Recapped: I listened to Trump v. Anderson twice so you don't have to

Today the Supreme Court heard oral arguments in Trump v. Anderson, which will determine whether Section 3 of the Fourteenth Amendment disqualifies former President Donald Trump from once again becoming President. You can read my preview of the case here, but as a reminder:

Section 3 disqualifies various fomer officials, including "officers... who have sworn an oath to support the Constitution," from taking up certain positions, including any “office… under the United States.” Dozens of lawsuits have been brought arguing that Trump’s behavior on January 6th constitutes an insurrection that disqualifies him from the office of the presidency. In December, the Colorado Supreme Court became the first to agree and took him off the ballot. After today’s argument, the consensus was that the Court will overturn the Colorado Supreme Court’s decision and reinstate Trump on the ballot—maybe even unanimously.

Many commentators had something to say about attorney Jonathan Mitchell’s argument style in his defense of Trump. Known for being excessively interested in legal technicalities, Mitchell candidly acknowledged the weaknesses in his arguments and repeatedly rejected softball questions when he thought them ideologically impure or inconsistent with his broader argument. Maybe this was strategic: admitting weakness can sometimes be a sign of strength and make the things you won’t concede seem more genuine. Or maybe this is just a result of his academic background.

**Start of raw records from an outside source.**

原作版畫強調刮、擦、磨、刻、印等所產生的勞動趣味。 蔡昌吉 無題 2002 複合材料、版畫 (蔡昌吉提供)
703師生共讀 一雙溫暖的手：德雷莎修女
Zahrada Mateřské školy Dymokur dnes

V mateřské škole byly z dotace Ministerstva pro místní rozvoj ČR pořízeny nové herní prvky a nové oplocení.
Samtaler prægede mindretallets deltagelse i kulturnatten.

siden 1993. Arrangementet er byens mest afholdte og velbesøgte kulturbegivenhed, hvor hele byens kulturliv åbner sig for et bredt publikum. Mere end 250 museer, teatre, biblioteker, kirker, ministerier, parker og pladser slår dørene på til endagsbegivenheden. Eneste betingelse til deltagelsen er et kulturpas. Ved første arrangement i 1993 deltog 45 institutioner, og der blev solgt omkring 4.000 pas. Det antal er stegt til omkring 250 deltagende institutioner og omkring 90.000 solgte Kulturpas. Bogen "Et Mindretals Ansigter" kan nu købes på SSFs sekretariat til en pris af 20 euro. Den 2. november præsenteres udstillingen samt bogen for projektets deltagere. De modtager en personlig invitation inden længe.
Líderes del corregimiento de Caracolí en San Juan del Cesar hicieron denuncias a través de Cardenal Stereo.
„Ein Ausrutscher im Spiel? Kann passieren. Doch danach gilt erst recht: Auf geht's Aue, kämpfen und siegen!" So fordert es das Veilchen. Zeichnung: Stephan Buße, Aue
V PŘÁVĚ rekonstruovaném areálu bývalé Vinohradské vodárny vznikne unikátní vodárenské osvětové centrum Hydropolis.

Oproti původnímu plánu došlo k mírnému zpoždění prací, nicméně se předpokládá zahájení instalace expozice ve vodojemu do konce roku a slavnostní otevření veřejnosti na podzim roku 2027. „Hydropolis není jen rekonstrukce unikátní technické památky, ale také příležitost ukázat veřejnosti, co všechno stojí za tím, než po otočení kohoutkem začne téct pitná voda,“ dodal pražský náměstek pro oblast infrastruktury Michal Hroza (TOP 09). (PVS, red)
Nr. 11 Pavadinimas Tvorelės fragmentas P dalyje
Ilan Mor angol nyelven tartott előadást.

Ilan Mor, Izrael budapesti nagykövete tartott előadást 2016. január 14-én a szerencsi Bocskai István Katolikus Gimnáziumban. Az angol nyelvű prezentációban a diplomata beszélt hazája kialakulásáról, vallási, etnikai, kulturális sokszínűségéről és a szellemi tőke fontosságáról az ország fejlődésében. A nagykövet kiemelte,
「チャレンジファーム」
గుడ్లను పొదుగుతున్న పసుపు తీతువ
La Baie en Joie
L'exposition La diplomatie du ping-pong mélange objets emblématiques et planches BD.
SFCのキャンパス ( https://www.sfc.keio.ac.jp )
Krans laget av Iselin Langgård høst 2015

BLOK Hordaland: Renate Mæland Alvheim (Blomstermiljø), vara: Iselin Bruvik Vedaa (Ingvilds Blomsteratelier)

In any event, his analytical, level-headed nature and candidness led at least one news outlet to describe him as decidedly “un-Trumpy.”

Mitchell started by summarizing two points made in the briefs: first, the presidency is probably not an office covered by Section 3, meaning it doesn’t apply to people who want to be president, and it really doesn’t apply to former presidents. After getting pushback from Justice Ketanji Brown Jackson about why he was focusing on the latter argument, even though she presumably (and surprisingly!) thought the former argument was more persuasive, Mitchell clarified that he hadn’t abandoned that argument, it just was a lot tougher.

Justice Sonia Sotomayor, however, seemed to think it was gamesmanship. She called it a “gerrymandered rule,” since President Trump is (apart from George Washington and maybe John Adams) the only former president the rule would apply to. Every other former president, as well as current president Joe Biden, has taken an oath to support the Constitution in some other capacity (senator, congressman, etc.), making them subject to potential disqualification. Trump, however, has only ever sworn an oath as president. So under Mitchell's reading, Trump is the only former president to benefit. Section 3 for thee, but not for me.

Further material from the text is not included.